Monday, April 29, 2019

Science Fiction Church Month Goes to the Black

Serenity (2005)

Usually, on Friday we publish a new post here at Movie Churches, and on Mondays, we post on the new blog, TV Churches. This month, we’ve been looking at science fiction films here, and at TV Churches, we’ve been looking at westerns. April ends with an intersection between the two: at TV Churches today, we’re posting about the short-lived cult favorite, Firefly .  It didn’t seem right to post about the feature film, Serenity, before we posted about the show that led to it.

The TV show followed the adventures of Captain Mal Reynolds (Nathan Fillion) and his crew as they sought to make a living with any work they could find, legal or otherwise. They also took passengers on the Firefly class ship, Serenity, and two of those passengers provided a plot line that the show’s cancelation left unresolved. 

After Doctor Simon Tan (Sean Maher) rescues his sister, River (Summer Glau) from a government facility. The Alliance (seemingly the sole government of the universe) wants River back and seems willing to do anything to retrieve them. They were still running when the series ended.

Serenity, the film, reveals more of the reasons the government wants River and brings that hunt to a conclusion. As the film begins, a couple of series regulars aren't on the ship. Inara (Morena Baccarin) is living on a different planet, as is Shepherd Book (Ron Glass), but Book is remembered by the crew. When crewman Jayne Cobb (Adam Baldwin) wonders why the Reivers are such savage, beastlike killers, Kaylee (Jewel Staite) quotes Shepherd Book, “They was men who just reached the edge of space, saw a vast nothingness and went bibbledy over it.” (Considering that Book is a man of education and careful speech, it is unlikely this was an exact quote.)
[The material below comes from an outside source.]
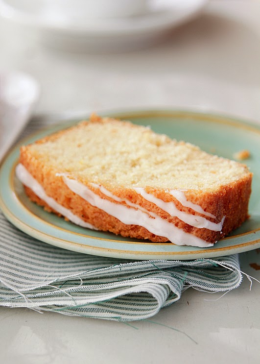 Adicionalmente he preparado un almíbar de limón para humedecer el cake (pueden verse los huequitos en la foto) y finalmente lo he cubierto con unas rayas de glaseado de limón, no por completo para que no quedara taaan dulce.

When Serenity is pursued by Alliance forces, the crew seeks haven at a planet called, well, "Haven." They are greeted by Shepherd Book. Mal thanks him for his hospitality. 
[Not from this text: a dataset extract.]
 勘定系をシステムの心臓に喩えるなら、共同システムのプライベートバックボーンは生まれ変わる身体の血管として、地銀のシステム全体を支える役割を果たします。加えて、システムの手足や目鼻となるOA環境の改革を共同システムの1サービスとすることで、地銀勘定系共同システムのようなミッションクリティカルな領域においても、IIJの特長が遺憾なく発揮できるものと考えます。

Book asks, “You got a plan?” 

“Hiding ain’t a plan?” Mal answers with a question. Book goes on to advise Mal about the best ways to deal with the Alliance.

Book: Only one thing going to walk you through this, Mal. Belief.

Mal: You know I always look to you for counsel, but sermons make me sleepy, Shepherd. I ain’t looking for help from on high. That’s a long wait for a train that don’t come.

Book: When I talk about belief, why do you always assume I’m talking about God? They’ll come at you sideways. That’s how they think. It’s how they move. Sidle up and smile. Hit you where you’re weak. Sort of man they’re like to send believes hard. Kills and never asks why.

Mal: It’s of interest to me how much you seem to know about that world.

Book: I wasn’t born a shepherd, Mal.

Mal: You’ll have to tell me about that sometime.

Book: No, I don’t.

And Book never does. The audience is also curious about the origin of Shepherd Book, but when we see Book again in the film, he’s dying. The Alliance attacks the people of Haven for assisting the Tans.

Mal finds Book as he speaks his last words.

Mal: It should have been me.

Book: That crossed my mind. I shot him down. I killed the ship that killed us. Not very Christian of me.

Mal: You did what’s right.

Book: Coming from you, that means almost nothing. I’m long gone.

Mal: No, Doc will bring you around. I look to be bored by many more sermons before you slip. Just don’t move.

Book: You can’t order me around, boy. I’m not one of your crew.

Mal: Yes, you are.

Book: I don’t care what you believe. Just believe it. Whatever you…

And so, Book dies, urging Mal to believe… In something. This bothers me a little. Shepherd Book is presented in the show as a Christian, and yet he doesn’t urge Mal to believe in Jesus, just to believe in something.

Which is odd, because the villain of the film, the Operative (Chiwetel Ejiofor), is a man who believes quite strongly, but in the wrong things. He believes there can be a universe without sin, and he can help the Alliance bring that about. He believes in false things and is willing to sacrifice himself and kill others for those beliefs.

Perhaps though, his reasoning is not unlike that G. K. Chesterton wrote about in his novel, The Ball and the Cross. That story tells of a Christian and a rationalist who battle, and Chesterton argues that at least the rationalist has the advantage of belief and the pursuit of truth.

Book put his faith in good things: in Mal and his crew, and more importantly, in the Christian Gospel --which is why we’re giving him our highest Movie Churches rating of Four Steeples.